Air India creates record by flying 15,300 kilometres in 14.5 hours non stop - praving5
http://www.businessinsider.in/Air-India-creates-record-byflying-15300-kilometres-in-14-5-hours-non-stop/articleshow/55008405.cms
======
captn3m0
Earlier discussion (not on the record, but the route):
[https://news.ycombinator.com/item?id=12738077](https://news.ycombinator.com/item?id=12738077)

Key takeaways:

\- This is a new route (started in Dec 2015)

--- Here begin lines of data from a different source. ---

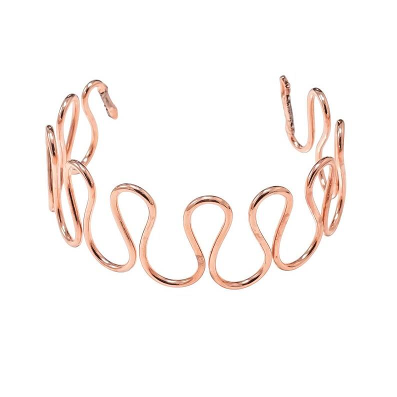 Pulsera de cobre puro sólido, joyería de diseño ondulado hecha a mano, unisex
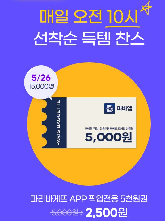 파리바게뜨 5천원권 50% 할인 파리바게뜨 5천원권 50% 할인 정보 포스팅입니다. 파리바게뜨 5천원권을 할인 판매하네요. 할인가 2500원 G마켓 [링크] 옥션 [링크] 핫딜/식품&생활 2022.05.26
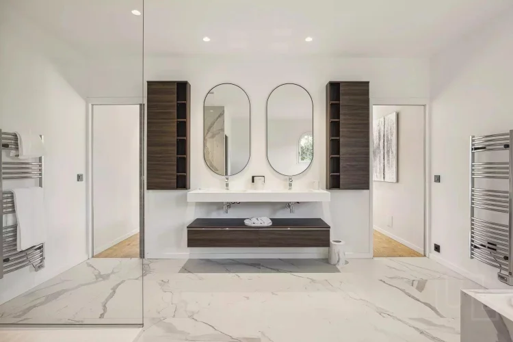 On the mezzanine level, a quiet study area complements a charming guest suite with its own shower room. The garden level provides two additional large suites, perfect for family or guests, along with ample storage space.

\- AI recently got permissions to use the Chinese Air Space for the route

\- The jetstream optimisations are a service provided by Boeing, and AI just
started subscribing to them.

------
binarymax
There used to be a nonstop Thai Airways 17 hour flight from NYC to Bangkok
that I flew several times. And I found a list from 2007 of longhauls with it
listed in the middle! I remember the flight would go over the Arctic, since
the distance was shorter, and I could see ice instead of clouds on a clear
day. The flight itself would have been unbearable were it not for the amazing
Thai airways service. A quick Google shows the distance just under 14000 km.

[https://consumerist.com/2007/07/16/worlds-longest-non-
stop-f...](https://consumerist.com/2007/07/16/worlds-longest-non-stop-
flights/)

------
idlewords
Note that this is a record for passenger service. Boeing flew a 777 without
passengers for 22:42 and a distance of 21,601 km.

[http://boeing.mediaroom.com/2005-11-10-Boeing-777-200LR-
Sets...](http://boeing.mediaroom.com/2005-11-10-Boeing-777-200LR-Sets-New-
World-Record-for-Distance)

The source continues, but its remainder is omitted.